_Instructions to follow_. Only one stretch of lines is wanted: the line with "Lobpreis im halbfünf-Gottesdienst" through the final line of the material. Restate it word for word, minus pictures.

_Data_.
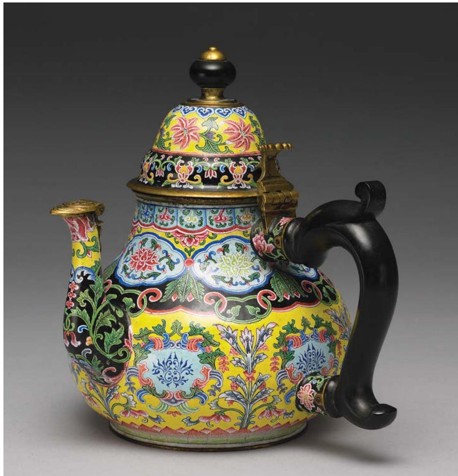
清 雍正 畫珐瑯烏木把手執壺 國立故宮博物院藏

第二部分：雍正朝的文化與藝術 雍正時期的文化與藝術，一如這 十三年中的政治與經濟，有著承先啓 後的特色與功能。展覽的第二部分，
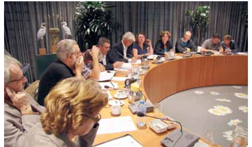
Agenda raads- en commissievergaderingen

is uitgesteld in de Voorjaarsnota wordt die uiteindelijk vastgelegd in de gemeentebegroting. Op de vergadering wordt stevig gedebatteerd tussen de verschillende politieke partijen. Over de belangrijkste onderwerpen informeren wij u over twee weken op deze raadspagina van het Stadsnieuws. U kunt de vergadering ook bezoeken; de Voorjaarsnota wordt op 20 juni vanaf 9.15 uur behandeld in de raadszaal van het gemeentehuis. Het debat is ook live op internet te volgen via raad.heerhugowaard.nl .
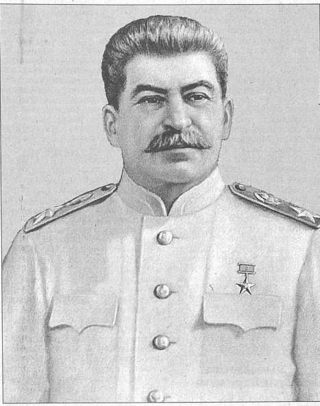
Слава нашему великому народу, народу-победителю! Вечная слава героям, павшим в боях за честь и победу нашей Родины! Пусть здравствует и процветает наша Родина!

Обращение И.В. Сталина было опубликовано в «Правде» 3 сентября 1945 г. Этот текст опубликован и издан массовым тиражом.
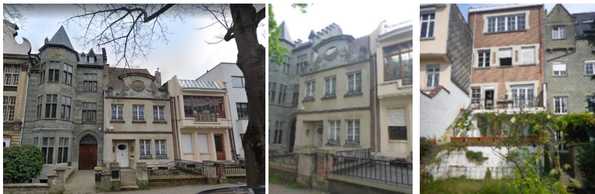
Vue des n°s 189, 187 et 185 (maison Evaldre) (©Google maps), vue des façades avant et arrière (extr. du dossier de demande)

L'immeuble se situe dans la zone de protection de la maison et atelier du maître-verrier et peintre-decorateur Raphaël Evaldre, sise au n°185, en cours de classement comme monument en totalité.
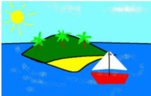
Σχήμα 1. Βραβευμένο έργο παιδιού με κινητικά προβλήματα από το Φυσιοθεραπευτήριο Ειδικής Αγωγής Κορίνθου

τάξη. Στο ρόλο του δίαυλου επικοινωνίας και διασύνδεσης οι η/υπολογιστές των σχολικών μονάδων.
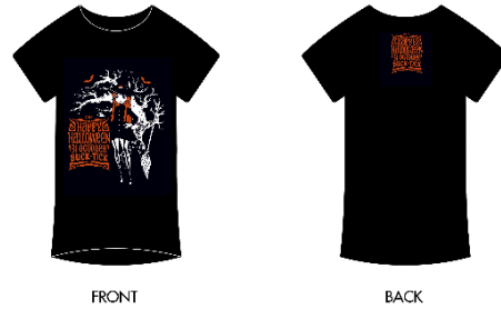
【TSUTAYA 限定】Halloween T シャツ
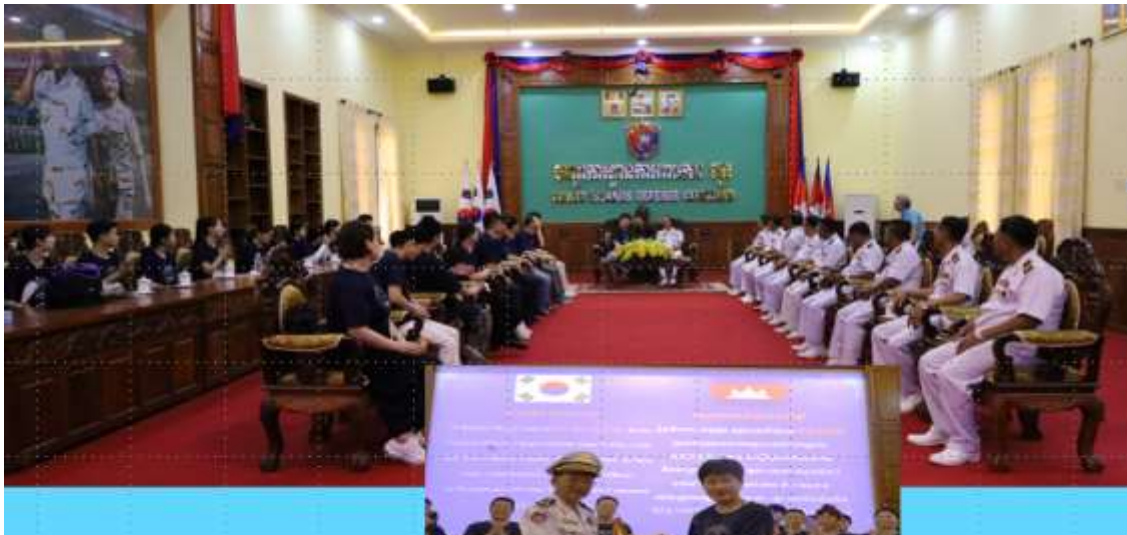
환담 및 친교
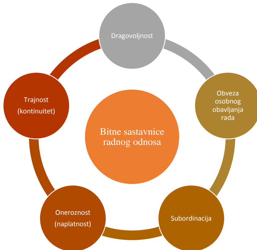
Slika 1: Bitne sastavnice radnog odnosa
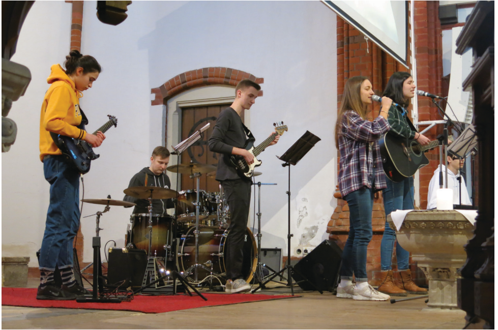
Lobpreis im halbfünf-Gottesdienst am 1. März 2020
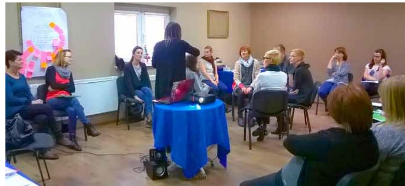
► Terapia zajęciowa dla dzieci z zaburzeniami zachowania

W prowadzeniu działalności gospodarczej pomaga długi okres funkcjonowania Stowarzyszenia Instytut Zachodni, transparentność działań, zaangażowanie zespołu w realizację powierzonych zadań i pozwala to na oferowanie klientowi najwyższej jakości usług.
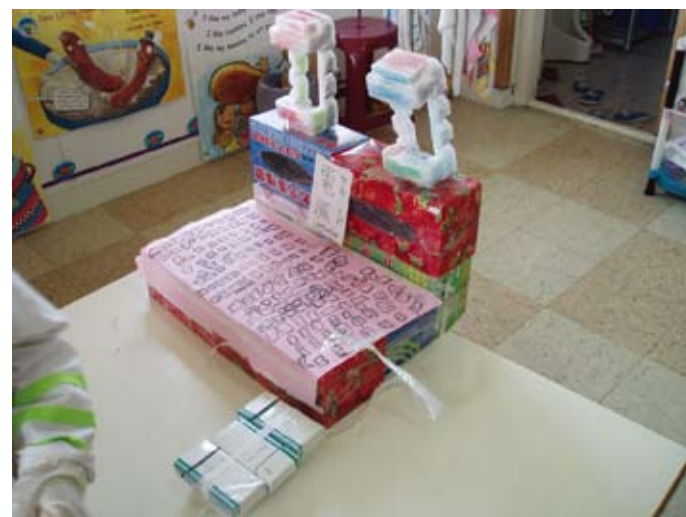
孩子製作了一部電腦，記錄病人的生病情形。仔細看看，鍵盤上的數字有沒有按順序排列呀？
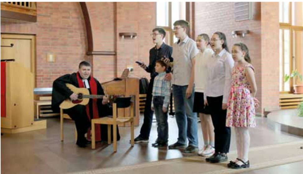
Пятидесятница в Омске
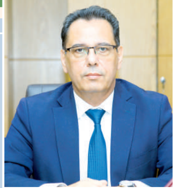
Qo'ng'irovboy SHARIPOV, oliy ta'lim, fan va innovatsiyalar vaziri

ISLOHOTLAR DOIRASIDA MAMLAKATIMIZ OLIY TA'LIM TIZIMINI XALQARO MAYDONGA OLIB CHIQISH, O'ZBEKISTONNI MINTAQADAGI NUFUZLI TA'LIM MARKAZIGA AYLTANTIRISH USTUVOR VAZIFALARDAN BIRI

_Exercise response_.
Lobpreis im halbfünf-Gottesdienst am 1. März 2020
► Terapia zajęciowa dla dzieci z zaburzeniami zachowania

W prowadzeniu działalności gospodarczej pomaga długi okres funkcjonowania Stowarzyszenia Instytut Zachodni, transparentność działań, zaangażowanie zespołu w realizację powierzonych zadań i pozwala to na oferowanie klientowi najwyższej jakości usług.
孩子製作了一部電腦，記錄病人的生病情形。仔細看看，鍵盤上的數字有沒有按順序排列呀？
Пятидесятница в Омске
Qo'ng'irovboy SHARIPOV, oliy ta'lim, fan va innovatsiyalar vaziri

ISLOHOTLAR DOIRASIDA MAMLAKATIMIZ OLIY TA'LIM TIZIMINI XALQARO MAYDONGA OLIB CHIQISH, O'ZBEKISTONNI MINTAQADAGI NUFUZLI TA'LIM MARKAZIGA AYLTANTIRISH USTUVOR VAZIFALARDAN BIRI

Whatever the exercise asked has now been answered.